Supplied records —
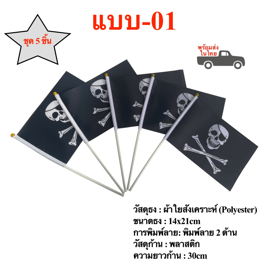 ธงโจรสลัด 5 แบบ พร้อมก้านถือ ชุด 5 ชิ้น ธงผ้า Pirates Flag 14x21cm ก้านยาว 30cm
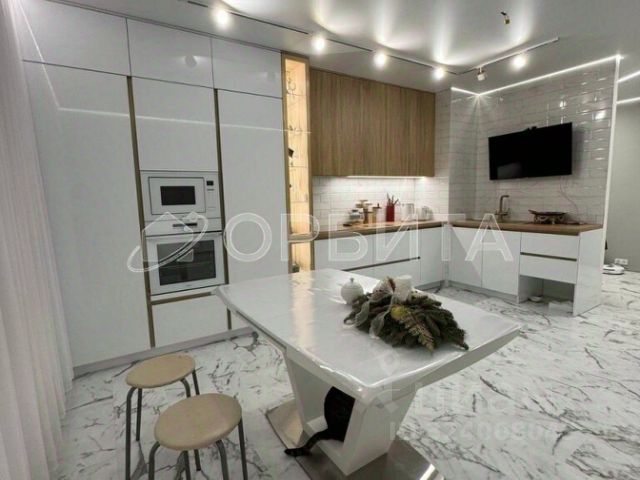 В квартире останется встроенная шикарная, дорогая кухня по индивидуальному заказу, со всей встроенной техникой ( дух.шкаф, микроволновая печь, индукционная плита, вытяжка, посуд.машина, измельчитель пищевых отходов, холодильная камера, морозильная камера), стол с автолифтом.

...

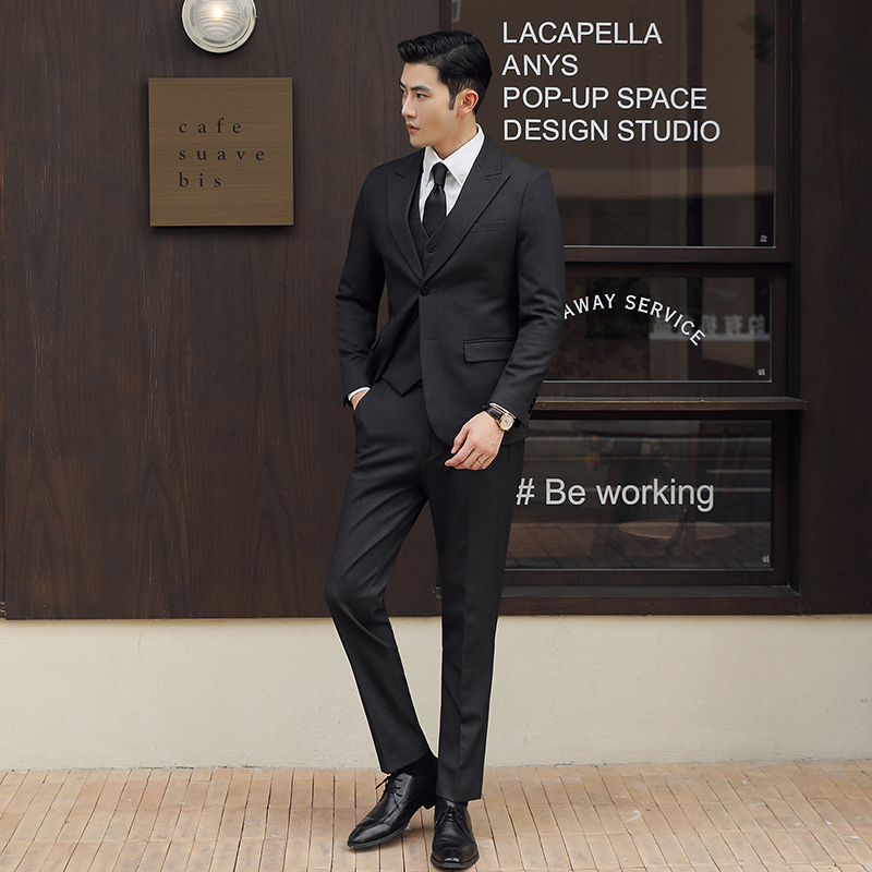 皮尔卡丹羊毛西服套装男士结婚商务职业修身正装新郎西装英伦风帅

What you have to do —
What is needed is an exact copy of only the lines above from the one with "ธงโจรสลัด 5 แบบ" to the one with "В квартире останется", both kept, with every picture left out.

Your response —
 ธงโจรสลัด 5 แบบ พร้อมก้านถือ ชุด 5 ชิ้น ธงผ้า Pirates Flag 14x21cm ก้านยาว 30cm
 В квартире останется встроенная шикарная, дорогая кухня по индивидуальному заказу, со всей встроенной техникой ( дух.шкаф, микроволновая печь, индукционная плита, вытяжка, посуд.машина, измельчитель пищевых отходов, холодильная камера, морозильная камера), стол с автолифтом.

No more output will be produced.